# What the exercise asks:
Everything from the line containing "Chapar (21 km)" through the last line of the material must be restated word for word, and only that.

◇ ◇ ◇ ◇ ◇

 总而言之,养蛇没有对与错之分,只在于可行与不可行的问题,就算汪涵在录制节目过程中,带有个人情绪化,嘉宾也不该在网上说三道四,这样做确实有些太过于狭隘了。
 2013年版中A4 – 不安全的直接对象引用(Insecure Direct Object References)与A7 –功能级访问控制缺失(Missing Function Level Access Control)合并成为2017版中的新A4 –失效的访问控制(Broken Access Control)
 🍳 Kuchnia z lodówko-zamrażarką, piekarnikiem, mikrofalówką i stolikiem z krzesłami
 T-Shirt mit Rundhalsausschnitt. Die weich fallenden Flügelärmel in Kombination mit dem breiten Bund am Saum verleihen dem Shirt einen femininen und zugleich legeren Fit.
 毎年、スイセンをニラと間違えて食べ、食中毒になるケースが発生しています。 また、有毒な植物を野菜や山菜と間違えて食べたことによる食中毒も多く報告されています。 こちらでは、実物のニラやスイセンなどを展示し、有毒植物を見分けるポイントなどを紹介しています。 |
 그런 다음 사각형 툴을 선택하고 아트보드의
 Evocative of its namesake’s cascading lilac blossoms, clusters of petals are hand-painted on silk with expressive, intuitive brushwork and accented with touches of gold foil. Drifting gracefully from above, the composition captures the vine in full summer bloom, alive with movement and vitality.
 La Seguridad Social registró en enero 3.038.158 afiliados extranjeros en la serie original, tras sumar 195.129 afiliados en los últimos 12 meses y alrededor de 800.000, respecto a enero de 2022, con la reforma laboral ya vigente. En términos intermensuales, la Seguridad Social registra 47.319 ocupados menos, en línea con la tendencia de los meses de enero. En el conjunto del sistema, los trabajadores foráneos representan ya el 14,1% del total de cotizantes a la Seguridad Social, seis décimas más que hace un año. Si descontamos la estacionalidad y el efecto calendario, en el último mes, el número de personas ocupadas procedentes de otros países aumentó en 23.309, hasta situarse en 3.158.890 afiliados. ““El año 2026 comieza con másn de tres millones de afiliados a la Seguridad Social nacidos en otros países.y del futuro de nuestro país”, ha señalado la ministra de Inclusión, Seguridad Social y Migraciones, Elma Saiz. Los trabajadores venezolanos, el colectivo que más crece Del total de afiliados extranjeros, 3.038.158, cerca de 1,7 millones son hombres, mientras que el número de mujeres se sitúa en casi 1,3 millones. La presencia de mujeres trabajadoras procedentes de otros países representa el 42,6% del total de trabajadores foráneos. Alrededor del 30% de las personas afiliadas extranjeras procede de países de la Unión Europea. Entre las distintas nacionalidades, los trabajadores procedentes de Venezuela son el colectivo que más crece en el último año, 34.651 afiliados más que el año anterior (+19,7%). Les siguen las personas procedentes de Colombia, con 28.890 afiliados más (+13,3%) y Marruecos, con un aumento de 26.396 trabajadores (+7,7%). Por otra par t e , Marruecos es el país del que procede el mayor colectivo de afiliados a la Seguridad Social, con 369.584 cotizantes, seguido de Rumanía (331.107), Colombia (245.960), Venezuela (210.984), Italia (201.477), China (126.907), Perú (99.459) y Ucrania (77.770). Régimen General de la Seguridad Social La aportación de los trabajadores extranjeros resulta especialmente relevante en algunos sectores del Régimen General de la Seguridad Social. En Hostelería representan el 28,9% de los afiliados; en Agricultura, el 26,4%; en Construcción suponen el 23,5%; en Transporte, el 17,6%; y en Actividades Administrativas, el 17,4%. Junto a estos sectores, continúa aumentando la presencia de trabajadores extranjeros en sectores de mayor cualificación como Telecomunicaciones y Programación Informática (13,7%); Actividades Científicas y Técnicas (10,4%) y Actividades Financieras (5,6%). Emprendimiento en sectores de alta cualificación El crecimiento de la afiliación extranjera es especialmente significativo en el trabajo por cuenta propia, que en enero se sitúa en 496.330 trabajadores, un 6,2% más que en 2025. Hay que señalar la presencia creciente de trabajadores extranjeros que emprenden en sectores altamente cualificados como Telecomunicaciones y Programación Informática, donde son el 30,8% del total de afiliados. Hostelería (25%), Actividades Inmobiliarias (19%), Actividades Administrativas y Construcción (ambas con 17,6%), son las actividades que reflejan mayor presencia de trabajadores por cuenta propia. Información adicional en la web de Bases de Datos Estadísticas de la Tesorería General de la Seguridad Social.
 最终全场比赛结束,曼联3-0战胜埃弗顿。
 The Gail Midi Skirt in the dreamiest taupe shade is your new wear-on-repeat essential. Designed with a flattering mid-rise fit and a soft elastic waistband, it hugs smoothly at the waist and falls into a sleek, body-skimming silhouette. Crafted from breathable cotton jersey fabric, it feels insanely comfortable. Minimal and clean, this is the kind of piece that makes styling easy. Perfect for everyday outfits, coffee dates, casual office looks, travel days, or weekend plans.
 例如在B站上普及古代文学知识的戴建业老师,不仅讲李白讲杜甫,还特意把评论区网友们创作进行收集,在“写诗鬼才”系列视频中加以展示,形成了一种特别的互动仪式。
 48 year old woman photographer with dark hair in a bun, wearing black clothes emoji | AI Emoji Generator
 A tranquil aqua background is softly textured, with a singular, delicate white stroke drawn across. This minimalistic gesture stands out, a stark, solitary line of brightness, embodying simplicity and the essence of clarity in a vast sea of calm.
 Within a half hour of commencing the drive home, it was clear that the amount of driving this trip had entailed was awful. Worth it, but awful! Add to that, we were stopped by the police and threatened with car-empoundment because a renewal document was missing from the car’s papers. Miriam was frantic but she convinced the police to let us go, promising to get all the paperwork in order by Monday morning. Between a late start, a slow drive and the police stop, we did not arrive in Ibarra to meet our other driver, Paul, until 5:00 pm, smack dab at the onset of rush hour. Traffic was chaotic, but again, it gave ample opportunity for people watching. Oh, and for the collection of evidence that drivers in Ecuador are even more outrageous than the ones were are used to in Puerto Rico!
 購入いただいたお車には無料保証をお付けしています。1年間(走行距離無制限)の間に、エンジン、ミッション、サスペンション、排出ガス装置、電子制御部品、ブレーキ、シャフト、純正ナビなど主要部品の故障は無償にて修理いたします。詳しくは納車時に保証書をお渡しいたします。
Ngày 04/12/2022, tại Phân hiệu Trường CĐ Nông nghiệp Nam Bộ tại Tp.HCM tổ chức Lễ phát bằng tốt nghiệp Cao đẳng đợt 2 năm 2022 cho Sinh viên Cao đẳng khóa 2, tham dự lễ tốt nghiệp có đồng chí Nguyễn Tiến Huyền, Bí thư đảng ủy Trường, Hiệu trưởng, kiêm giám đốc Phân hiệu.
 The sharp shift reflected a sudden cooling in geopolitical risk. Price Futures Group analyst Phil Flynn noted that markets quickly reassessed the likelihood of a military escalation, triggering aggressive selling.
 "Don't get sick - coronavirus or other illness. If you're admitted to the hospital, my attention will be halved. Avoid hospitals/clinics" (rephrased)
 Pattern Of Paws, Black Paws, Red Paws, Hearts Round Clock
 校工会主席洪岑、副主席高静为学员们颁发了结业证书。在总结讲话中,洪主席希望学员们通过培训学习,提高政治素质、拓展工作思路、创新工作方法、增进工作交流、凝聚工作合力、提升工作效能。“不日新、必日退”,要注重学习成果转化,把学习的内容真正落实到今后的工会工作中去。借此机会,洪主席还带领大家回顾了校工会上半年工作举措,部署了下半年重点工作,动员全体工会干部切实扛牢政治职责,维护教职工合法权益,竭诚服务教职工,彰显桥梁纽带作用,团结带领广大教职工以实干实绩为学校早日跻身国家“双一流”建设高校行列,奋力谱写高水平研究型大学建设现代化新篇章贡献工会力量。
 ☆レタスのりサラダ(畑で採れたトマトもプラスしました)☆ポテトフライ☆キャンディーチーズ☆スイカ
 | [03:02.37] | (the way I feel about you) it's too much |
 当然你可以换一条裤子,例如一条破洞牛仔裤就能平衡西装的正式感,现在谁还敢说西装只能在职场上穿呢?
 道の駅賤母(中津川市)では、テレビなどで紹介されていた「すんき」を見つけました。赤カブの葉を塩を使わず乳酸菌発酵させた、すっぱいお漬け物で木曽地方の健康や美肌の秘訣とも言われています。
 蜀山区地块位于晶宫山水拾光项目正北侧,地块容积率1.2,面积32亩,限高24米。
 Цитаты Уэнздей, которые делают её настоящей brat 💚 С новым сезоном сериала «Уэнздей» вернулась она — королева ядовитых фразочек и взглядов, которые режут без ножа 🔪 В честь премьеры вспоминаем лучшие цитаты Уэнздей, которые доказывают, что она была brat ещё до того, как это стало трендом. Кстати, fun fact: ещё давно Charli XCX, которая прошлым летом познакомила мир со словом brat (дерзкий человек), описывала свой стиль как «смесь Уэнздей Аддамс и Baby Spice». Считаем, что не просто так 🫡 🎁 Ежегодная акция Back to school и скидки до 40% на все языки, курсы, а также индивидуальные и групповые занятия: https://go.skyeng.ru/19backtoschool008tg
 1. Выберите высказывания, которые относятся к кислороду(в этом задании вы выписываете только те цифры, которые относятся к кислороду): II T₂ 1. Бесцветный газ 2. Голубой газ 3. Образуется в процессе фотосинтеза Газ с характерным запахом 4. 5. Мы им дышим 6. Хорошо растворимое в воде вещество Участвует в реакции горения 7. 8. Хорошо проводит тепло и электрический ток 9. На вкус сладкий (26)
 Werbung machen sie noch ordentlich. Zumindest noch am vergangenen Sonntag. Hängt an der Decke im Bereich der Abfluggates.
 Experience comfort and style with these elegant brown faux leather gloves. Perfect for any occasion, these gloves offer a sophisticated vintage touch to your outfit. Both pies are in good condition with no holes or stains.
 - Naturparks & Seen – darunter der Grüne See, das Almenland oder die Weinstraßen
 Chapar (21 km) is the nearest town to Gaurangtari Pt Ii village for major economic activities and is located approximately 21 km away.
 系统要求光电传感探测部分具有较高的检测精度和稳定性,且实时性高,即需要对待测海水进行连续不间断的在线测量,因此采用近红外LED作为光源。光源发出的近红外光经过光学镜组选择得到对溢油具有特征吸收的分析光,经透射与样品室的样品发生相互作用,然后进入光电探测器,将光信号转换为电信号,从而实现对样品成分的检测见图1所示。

◇ ◇ ◇ ◇ ◇

# Solution:
 Chapar (21 km) is the nearest town to Gaurangtari Pt Ii village for major economic activities and is located approximately 21 km away.
 系统要求光电传感探测部分具有较高的检测精度和稳定性,且实时性高,即需要对待测海水进行连续不间断的在线测量,因此采用近红外LED作为光源。光源发出的近红外光经过光学镜组选择得到对溢油具有特征吸收的分析光,经透射与样品室的样品发生相互作用,然后进入光电探测器,将光信号转换为电信号,从而实现对样品成分的检测见图1所示。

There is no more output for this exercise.